TASK OBJECTIVE:
Using the data that follows, give again word for word the lines between the one holding "Pixxprint Grüner Bambus" and the one holding "Wechselmotiv Acrylglas Canvalight®", inclusive. Omit the pictures.

___ RECORD EXTRACTS ___

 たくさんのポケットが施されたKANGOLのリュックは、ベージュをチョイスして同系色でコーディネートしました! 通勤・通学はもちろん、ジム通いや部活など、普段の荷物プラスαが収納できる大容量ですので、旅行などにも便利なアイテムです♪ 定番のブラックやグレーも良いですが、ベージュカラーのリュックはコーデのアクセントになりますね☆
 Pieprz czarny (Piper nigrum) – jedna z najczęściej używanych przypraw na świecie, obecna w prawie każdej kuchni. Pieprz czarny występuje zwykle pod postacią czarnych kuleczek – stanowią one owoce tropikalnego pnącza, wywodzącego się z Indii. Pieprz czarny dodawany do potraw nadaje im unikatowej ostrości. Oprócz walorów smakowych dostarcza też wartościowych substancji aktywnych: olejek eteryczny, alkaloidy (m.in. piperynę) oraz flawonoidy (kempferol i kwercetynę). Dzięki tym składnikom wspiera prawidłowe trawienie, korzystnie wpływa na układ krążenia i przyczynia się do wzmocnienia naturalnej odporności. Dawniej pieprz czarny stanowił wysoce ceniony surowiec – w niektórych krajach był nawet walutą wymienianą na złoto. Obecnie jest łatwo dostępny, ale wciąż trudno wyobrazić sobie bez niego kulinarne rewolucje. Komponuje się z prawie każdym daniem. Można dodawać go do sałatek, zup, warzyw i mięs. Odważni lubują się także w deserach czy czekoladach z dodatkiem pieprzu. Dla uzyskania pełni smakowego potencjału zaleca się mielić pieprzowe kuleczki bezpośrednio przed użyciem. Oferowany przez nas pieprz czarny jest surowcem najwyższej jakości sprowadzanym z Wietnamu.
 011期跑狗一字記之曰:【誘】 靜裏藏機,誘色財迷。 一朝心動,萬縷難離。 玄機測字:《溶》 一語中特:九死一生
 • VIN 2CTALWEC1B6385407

___
___ RECORD EXTRACTS ___

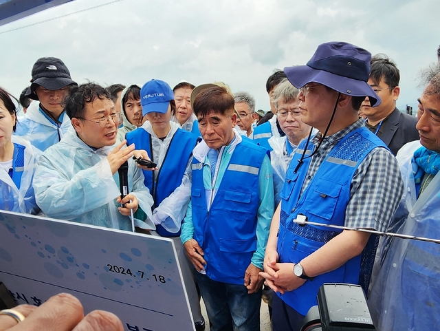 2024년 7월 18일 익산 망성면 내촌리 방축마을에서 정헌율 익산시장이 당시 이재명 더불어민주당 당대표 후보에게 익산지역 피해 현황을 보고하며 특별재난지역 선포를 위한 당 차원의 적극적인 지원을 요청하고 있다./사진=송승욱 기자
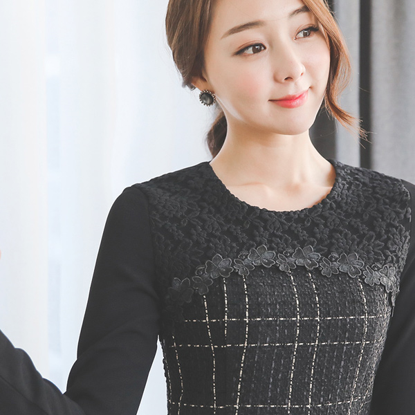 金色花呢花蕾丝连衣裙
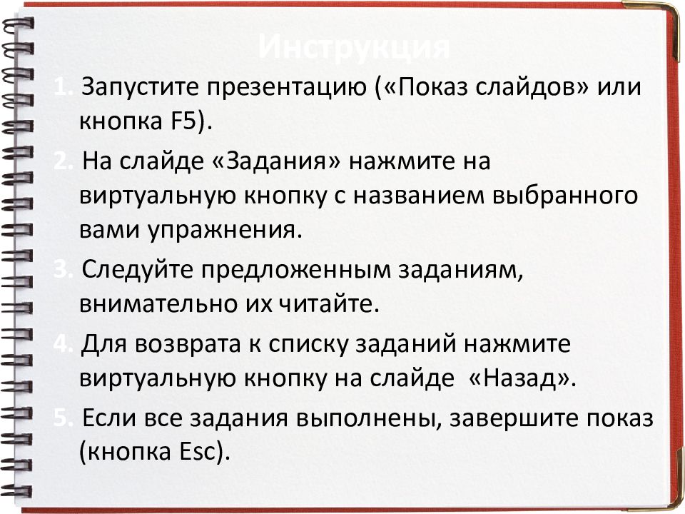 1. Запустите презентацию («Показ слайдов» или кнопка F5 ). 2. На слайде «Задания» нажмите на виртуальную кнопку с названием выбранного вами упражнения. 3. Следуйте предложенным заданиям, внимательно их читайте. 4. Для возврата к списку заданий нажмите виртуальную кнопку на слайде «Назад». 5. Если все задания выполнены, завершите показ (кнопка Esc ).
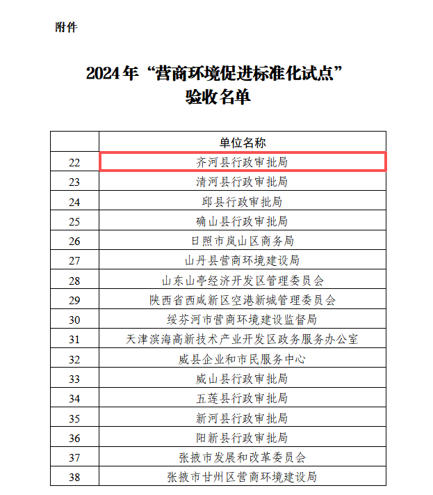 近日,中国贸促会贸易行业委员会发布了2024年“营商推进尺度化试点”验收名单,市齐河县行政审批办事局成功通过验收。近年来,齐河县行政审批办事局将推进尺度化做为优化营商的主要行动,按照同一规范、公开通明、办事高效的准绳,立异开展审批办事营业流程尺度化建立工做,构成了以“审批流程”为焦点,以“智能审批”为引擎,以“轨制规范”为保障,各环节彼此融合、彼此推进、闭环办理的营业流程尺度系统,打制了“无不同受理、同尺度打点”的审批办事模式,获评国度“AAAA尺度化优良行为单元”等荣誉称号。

___
___ RECORD EXTRACTS ___

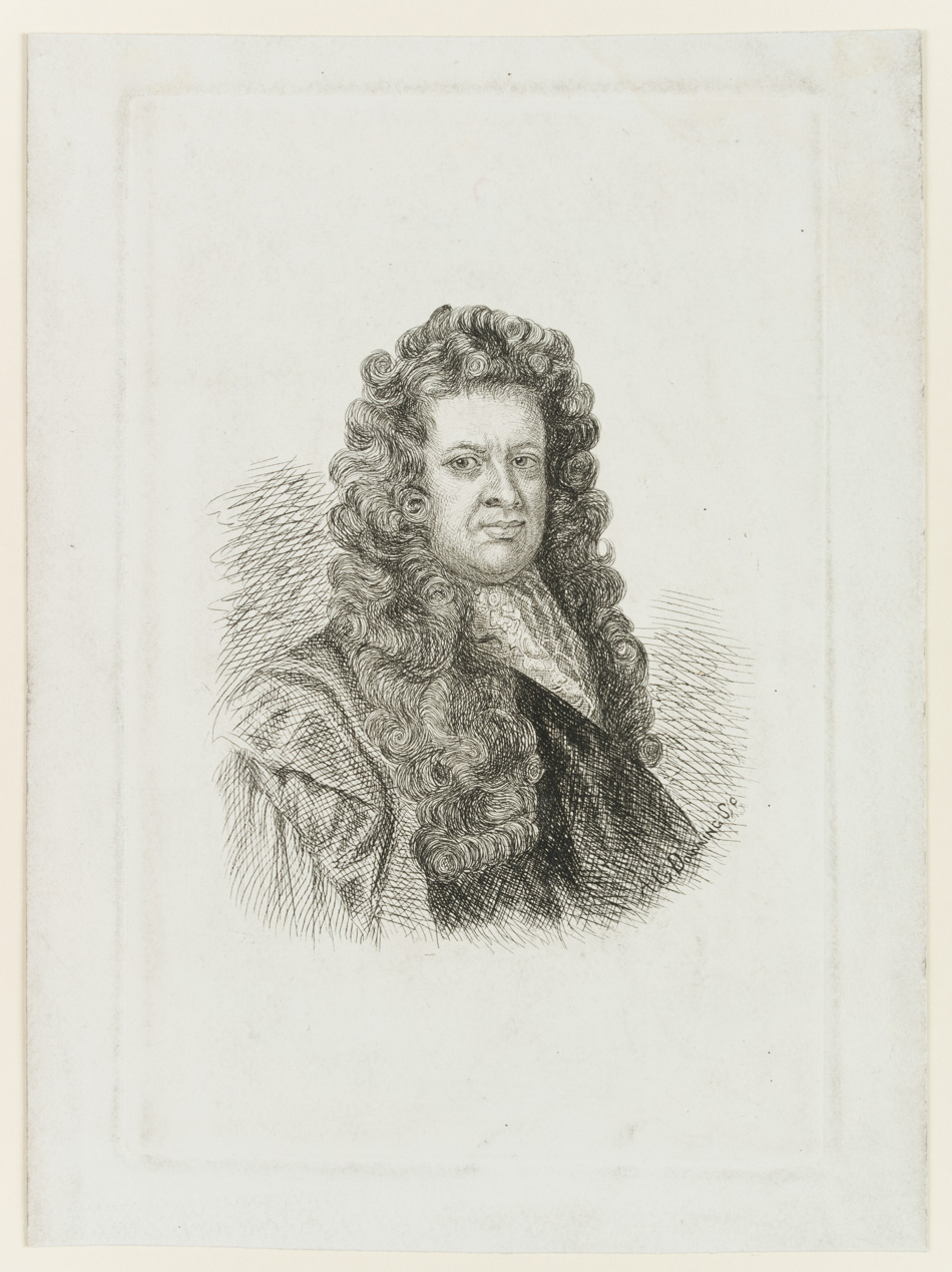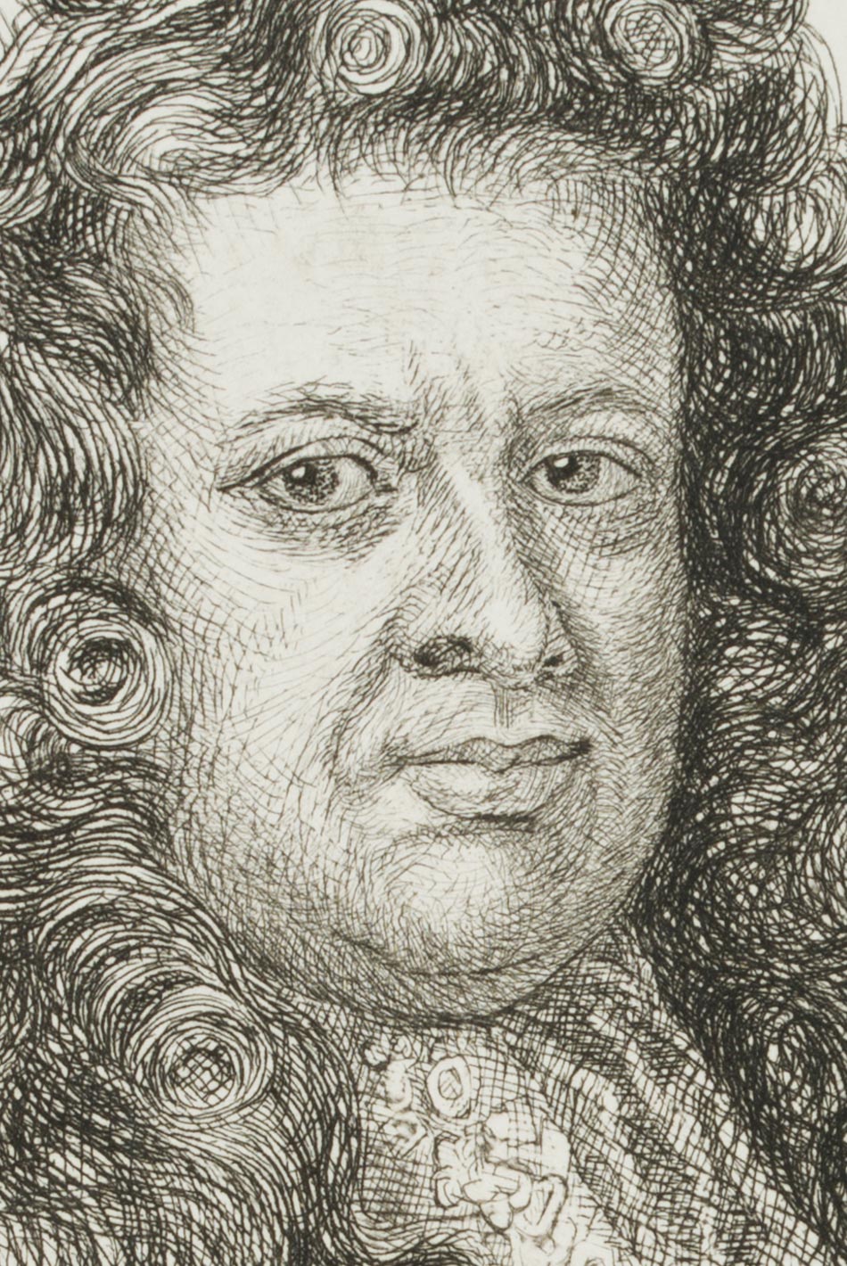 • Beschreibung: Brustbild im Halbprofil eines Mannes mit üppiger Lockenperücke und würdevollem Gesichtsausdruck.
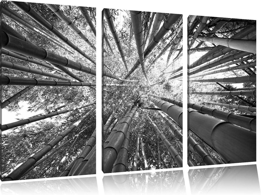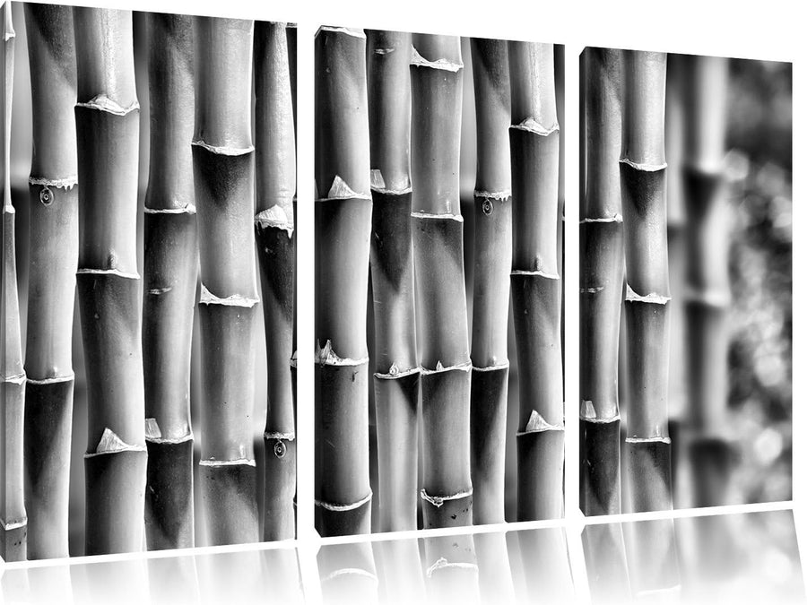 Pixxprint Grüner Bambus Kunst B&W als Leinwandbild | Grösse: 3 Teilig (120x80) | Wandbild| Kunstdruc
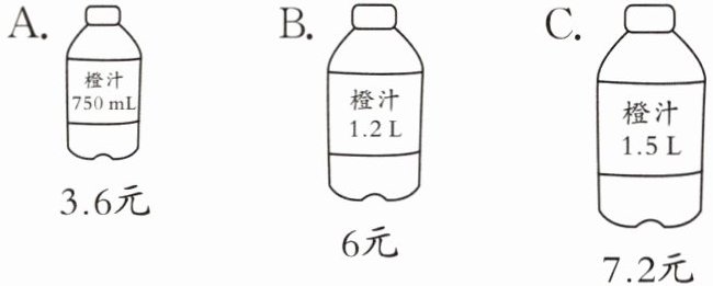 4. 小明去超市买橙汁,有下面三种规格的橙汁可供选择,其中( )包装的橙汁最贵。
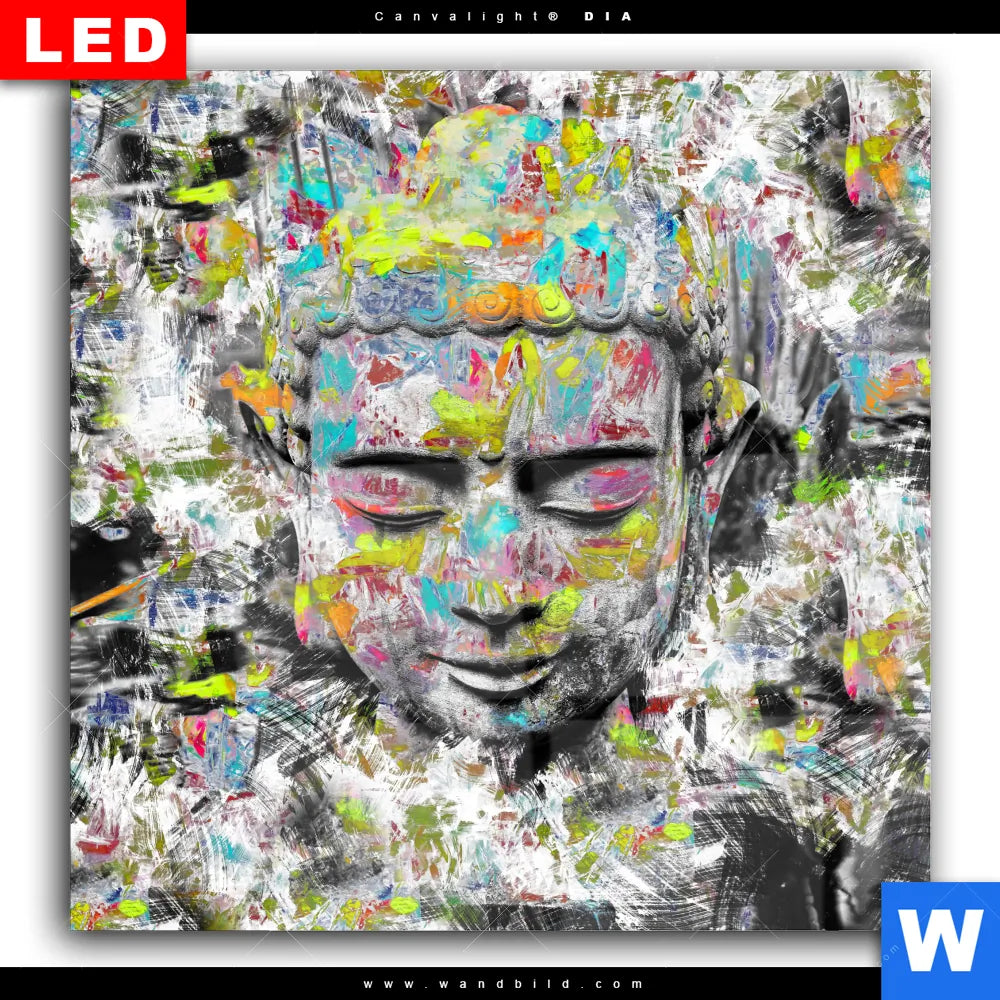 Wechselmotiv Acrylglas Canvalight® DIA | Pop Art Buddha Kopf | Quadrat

___

EXERCISE ANSWER:
 Pixxprint Grüner Bambus Kunst B&W als Leinwandbild | Grösse: 3 Teilig (120x80) | Wandbild| Kunstdruc
 4. 小明去超市买橙汁,有下面三种规格的橙汁可供选择,其中( )包装的橙汁最贵。
 Wechselmotiv Acrylglas Canvalight® DIA | Pop Art Buddha Kopf | Quadrat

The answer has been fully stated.